- What you are asked to do -
Every line below must be copied as written, except for pictures.

- Input data -
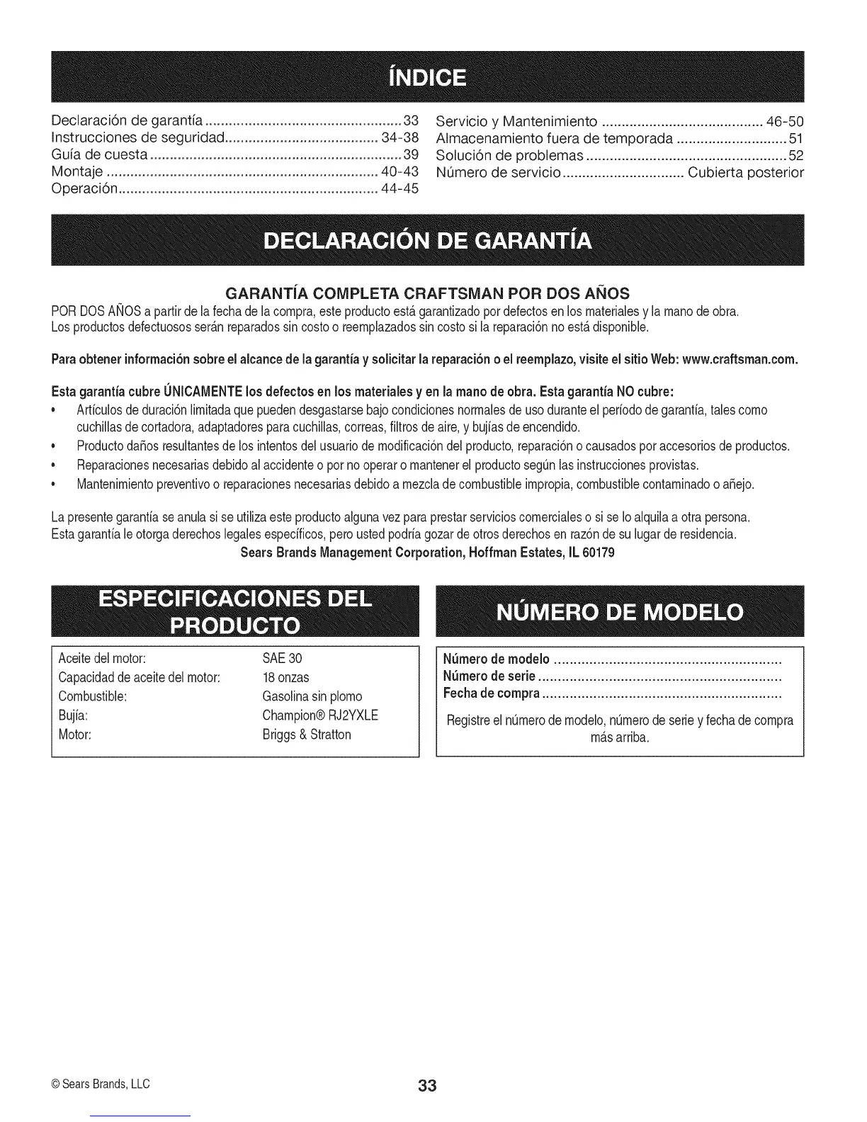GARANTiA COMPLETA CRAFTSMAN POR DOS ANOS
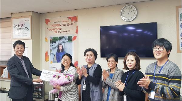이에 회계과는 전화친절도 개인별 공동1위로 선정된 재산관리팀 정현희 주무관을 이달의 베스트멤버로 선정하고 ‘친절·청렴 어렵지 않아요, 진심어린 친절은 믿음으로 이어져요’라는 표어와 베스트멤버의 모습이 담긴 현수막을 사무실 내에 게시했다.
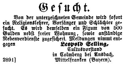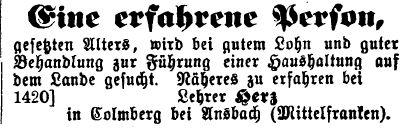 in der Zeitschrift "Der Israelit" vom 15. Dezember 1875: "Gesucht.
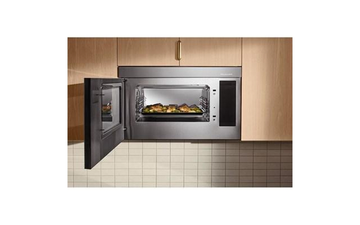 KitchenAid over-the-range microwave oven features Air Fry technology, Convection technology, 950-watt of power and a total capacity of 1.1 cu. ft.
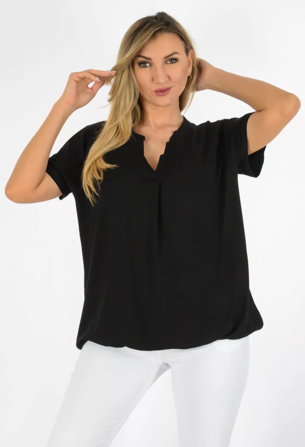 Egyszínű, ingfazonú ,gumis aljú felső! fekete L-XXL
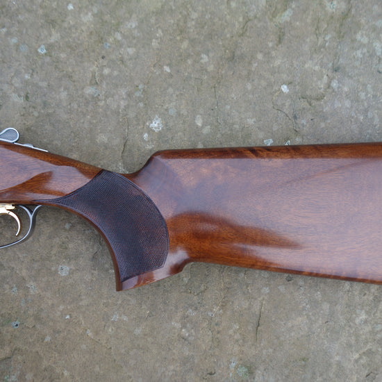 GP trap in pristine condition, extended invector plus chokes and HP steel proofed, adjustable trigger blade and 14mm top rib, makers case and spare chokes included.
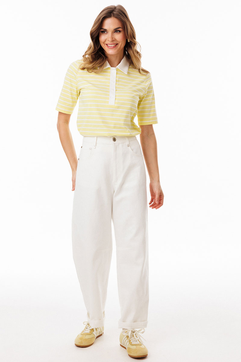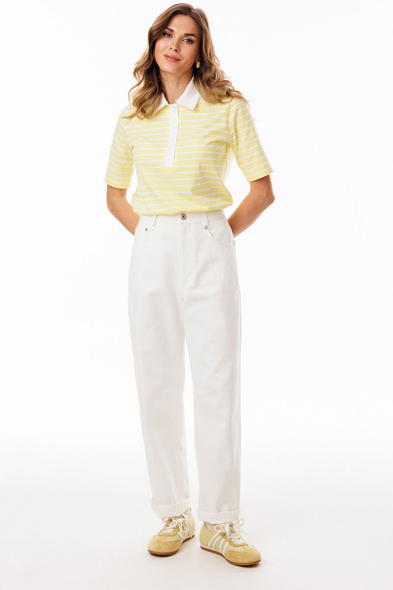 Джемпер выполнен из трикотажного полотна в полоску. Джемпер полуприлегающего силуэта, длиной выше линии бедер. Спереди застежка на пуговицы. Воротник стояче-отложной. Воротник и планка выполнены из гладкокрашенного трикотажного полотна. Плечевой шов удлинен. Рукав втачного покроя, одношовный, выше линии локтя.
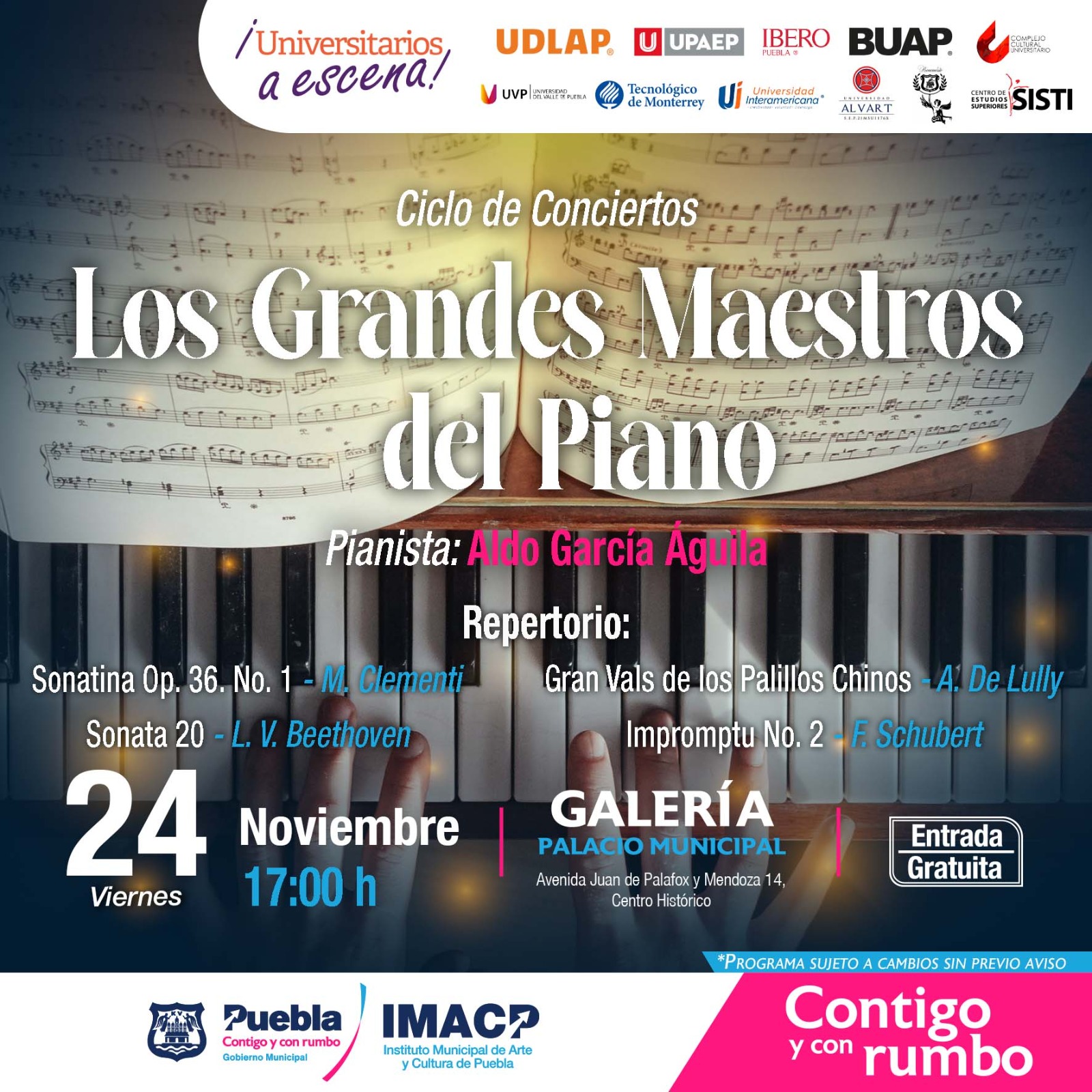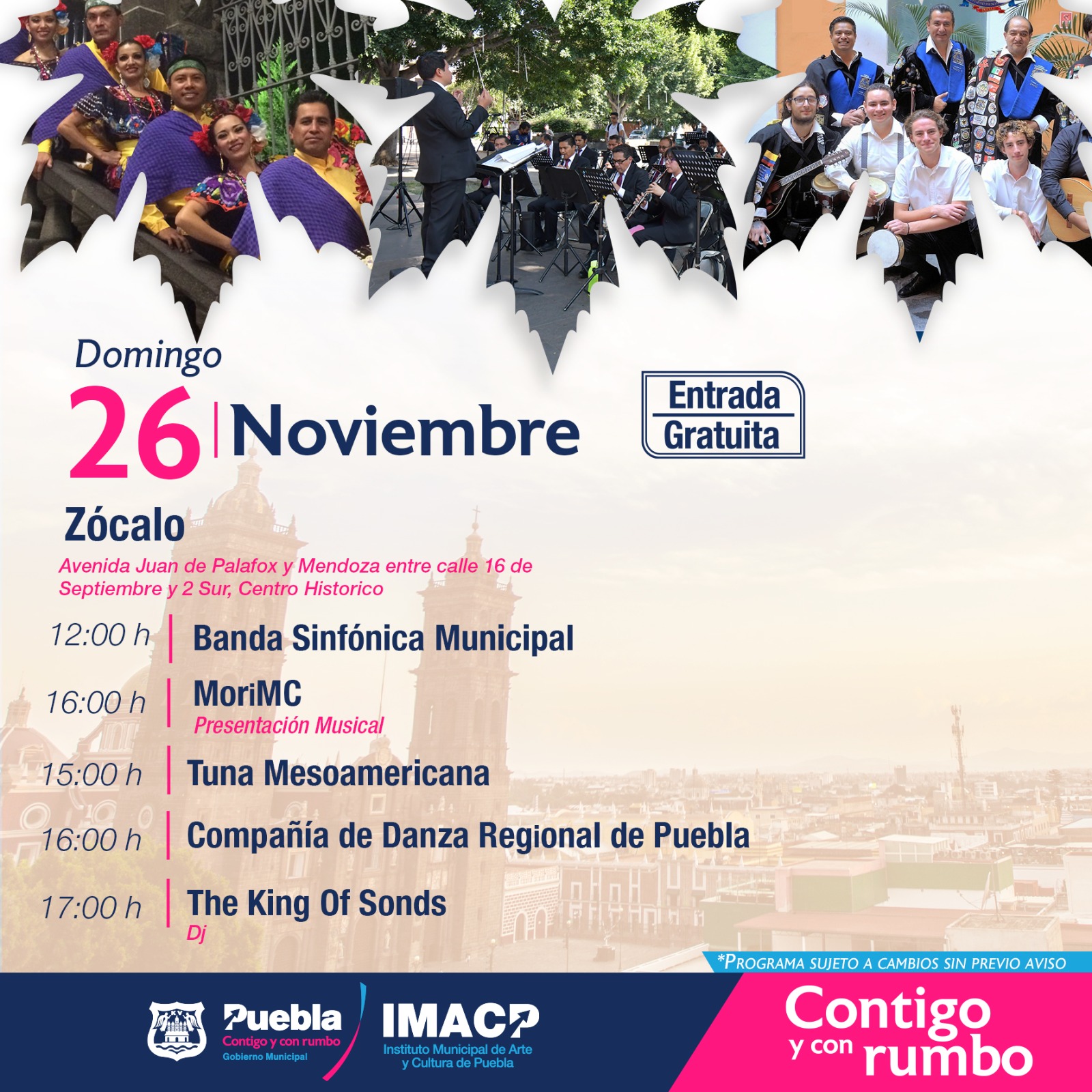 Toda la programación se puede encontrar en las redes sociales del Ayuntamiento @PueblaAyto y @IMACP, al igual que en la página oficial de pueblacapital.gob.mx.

- Response for this exercise -
GARANTiA COMPLETA CRAFTSMAN POR DOS ANOS
이에 회계과는 전화친절도 개인별 공동1위로 선정된 재산관리팀 정현희 주무관을 이달의 베스트멤버로 선정하고 ‘친절·청렴 어렵지 않아요, 진심어린 친절은 믿음으로 이어져요’라는 표어와 베스트멤버의 모습이 담긴 현수막을 사무실 내에 게시했다.
 in der Zeitschrift "Der Israelit" vom 15. Dezember 1875: "Gesucht.
 KitchenAid over-the-range microwave oven features Air Fry technology, Convection technology, 950-watt of power and a total capacity of 1.1 cu. ft.
 Egyszínű, ingfazonú ,gumis aljú felső! fekete L-XXL
 GP trap in pristine condition, extended invector plus chokes and HP steel proofed, adjustable trigger blade and 14mm top rib, makers case and spare chokes included.
 Джемпер выполнен из трикотажного полотна в полоску. Джемпер полуприлегающего силуэта, длиной выше линии бедер. Спереди застежка на пуговицы. Воротник стояче-отложной. Воротник и планка выполнены из гладкокрашенного трикотажного полотна. Плечевой шов удлинен. Рукав втачного покроя, одношовный, выше линии локтя.
 Toda la programación se puede encontrar en las redes sociales del Ayuntamiento @PueblaAyto y @IMACP, al igual que en la página oficial de pueblacapital.gob.mx.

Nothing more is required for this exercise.